> EXERCISE: Reproduce exactly the lines from the one that holds "关于安庆供水集团游桂林判刑,安庆供水集团" through the last line of the entries, both ends included, but not the pictures.

> Records from a collection:
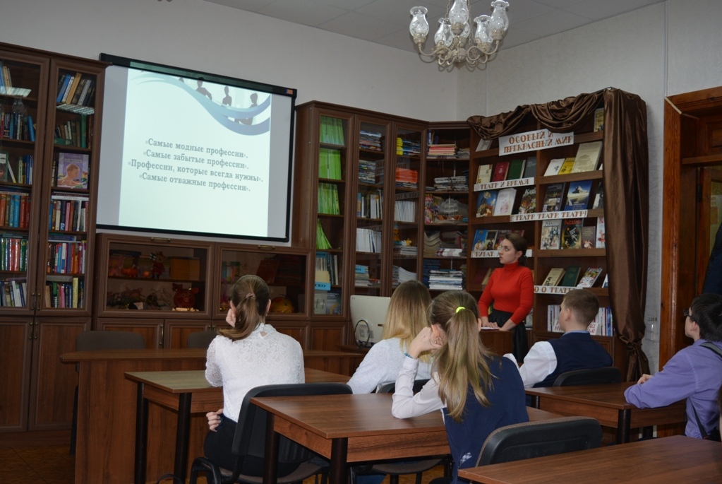 Удачно совершить этот шаг — одна из главных социальных задач молодёжи. В читальном зале Центральной библиотеки прошла информационная беседа — «Выбрать дорогу однажды». В гостях сегодня были учащиеся 7 -го класса СОШ №1. Ребят познакомили с разнообразным миром профессий, рассказали об особенностях некоторых из них, о выявлении способностей к той или иной деятельности. Также учащимся рассказали об учебных заведениях города Чистополя. В читальном зале библиотеки велась активная работа по обсуждению таких важных вопросов, как проектирование собственной судьбы, карьеры, будущего. Школьники активно включались в разговор, отвечая на вопросы, высказывая свое мнение.Вниманию учащихся была представлена слайд-презентация «Я выбираю профессию», о которых дети услышали в первый раз.
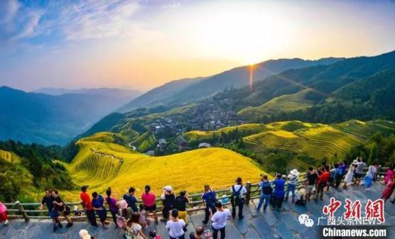 图为游客在桂林市龙胜各族自治县龙脊梯田观光游览。潘志祥 摄
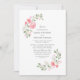 Mão pintada de flores aquáticas convite para casamento. Pelúcias, rosas e anêmonas, de cor rosa-branca, com folhas verdes pastel e ramos de árvores. Os florais de aquarelas pintados sobre fundo branco fazem uma coroa elegante e romântica em torno da tipografia da na moda.
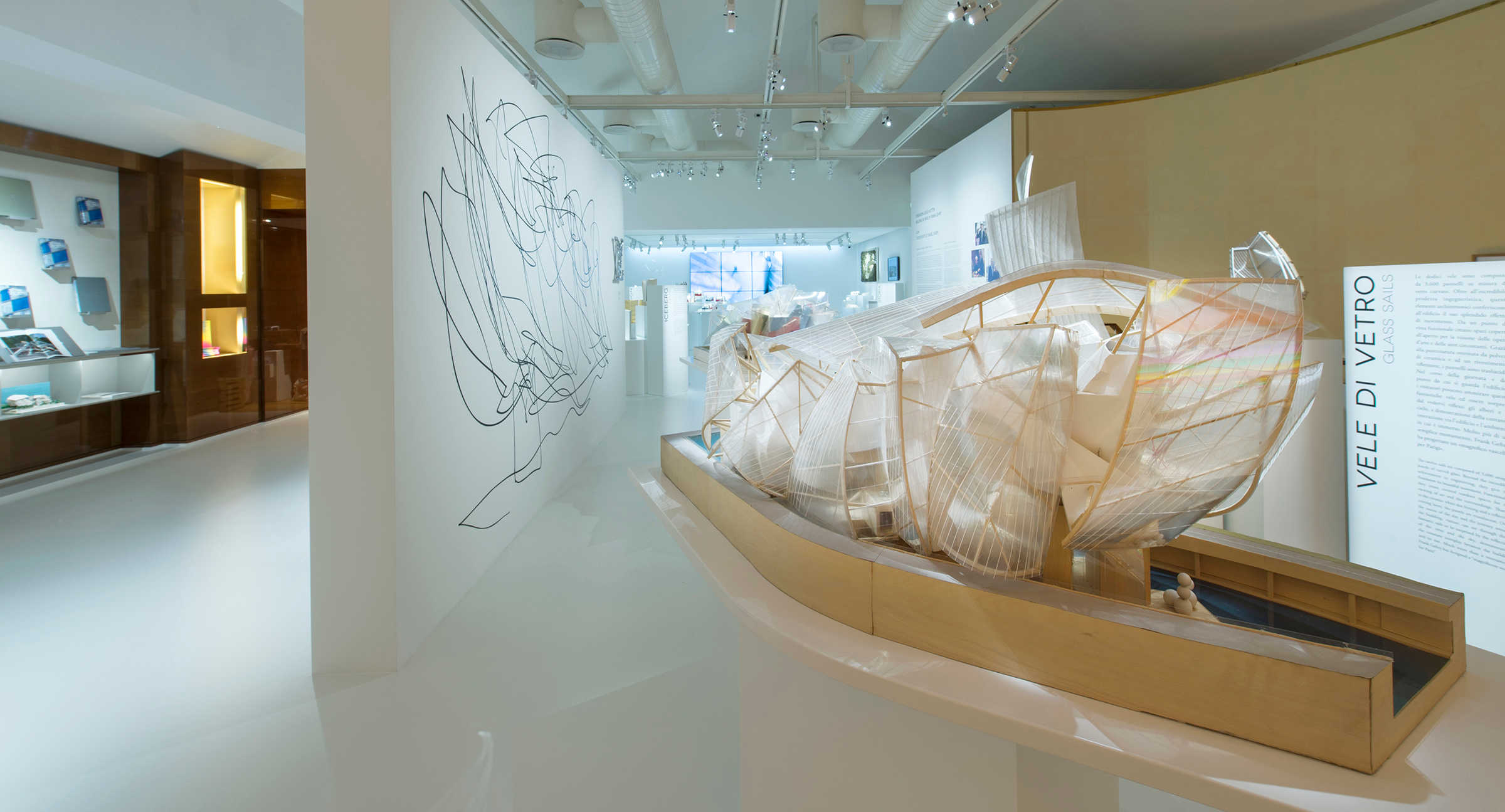 The exhibition presents a selection of scale models created during the project by the Gehry Partners Studio. They are organized by groups to retrace studies for various aspects of the building: integration in the site, architectural program, project design, interior spaces, the “icebergs” and the glass sails. Prepared at the request of Bernard Arnault, Chairman and Chief Executive Officer of the LVMH Group and Chairman of the Fondation Louis Vuitton, this exhibition was conceived by Frank Gehry’s teams in close collaboration with the Fondation. The models are grouped to evoke schools of fish, a favorite symbol of Mr. Gehry.
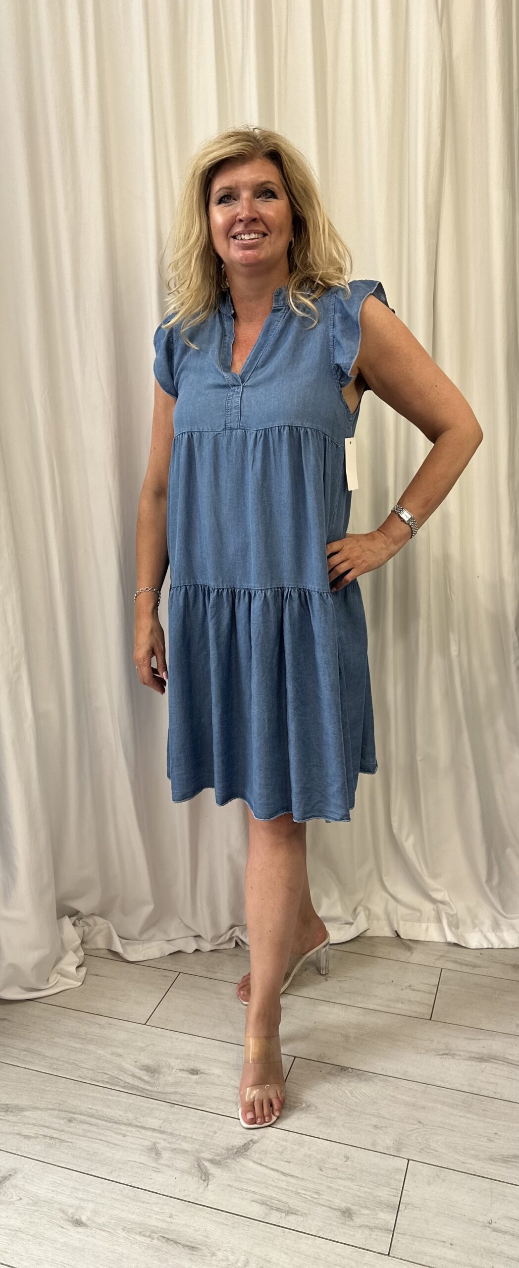 100% Tencel Denim V Neck Frill Tunic Dress
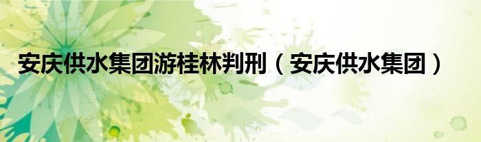 关于安庆供水集团游桂林判刑,安庆供水集团这个很多人还不知道,今天菲菲来为大家解答以上的问题,现在让我们一起来看看吧!
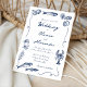 Whimsical Hand Drawn Coastal Navy Blue Wedding Invitation

> TASK RESULT:
 关于安庆供水集团游桂林判刑,安庆供水集团这个很多人还不知道,今天菲菲来为大家解答以上的问题,现在让我们一起来看看吧!
 Whimsical Hand Drawn Coastal Navy Blue Wedding Invitation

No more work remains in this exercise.